Now this answer does not well coincide with Mr Caldwell’s former evidence. It is quite as much the drink as the dancing that is the attraction, and as to his respectable tradesmen, and the fact of persons not being tipsy, and that of some of the first noblemen coming there, all these assertions are fairly open to criticism. It was only the other day I heard a London magistrate declare that publicans never could tell when a person was tipsy; and as to respectability, your Robsons, and Camerons, and Sadleirs are always considered highly respectable. Ask the first person you meet about your neighbours. What is the answer? Oh, they are a highly respectable family; they are immensely rich.
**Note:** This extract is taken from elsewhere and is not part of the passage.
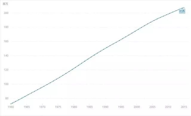 截止到2015年,巴西人口总数为2.08亿,15-64岁的人口占比69.1%,接近美国66.3%的水平,平均每两个成年人需要供养养一个老人或孩童,而中国该数据为73.2%。

And as to noblemen coming into such places, I imagine that would be precisely the reason why the judicious father of a pretty girl would prefer her dancing anywhere rather than in Mr Caldwell’s establishment in Dean-street. I have not much faith in the benefits of that species of the mixture of all ranks. Like the Irishman’s reciprocity, it is all on one side. Tennyson makes his hero tell Lady Clara Vere de Vere—
“At me you smiled, but unbeguiled
I saw the snare and I retired,—
The daughter of a hundred earls,
You are not one to be desired.”
But perchance a young maiden, led away by the excitement of the hour, could not find it in her heart to address similar language to Lady Clara Vere de Vere’s brother. The last victim always believes that she is to be the exception to all general rules; she may transgress, but not pay the penalty—pluck the forbidden fruit, and for doing so not forfeit Eden—plunge wildly into sin, and sorrow, and shame, and yet find peace in her heart and the light of heaven lying on her path; but cause and effect are eternal, and, youth gone, and pleasure gone, and the power to attract gone, and the inward sense of right succeeded by the stings of conscience and the gnawing of remorse, what is left but to weep madly and in vain for
“The tender grace of a day that is dead”?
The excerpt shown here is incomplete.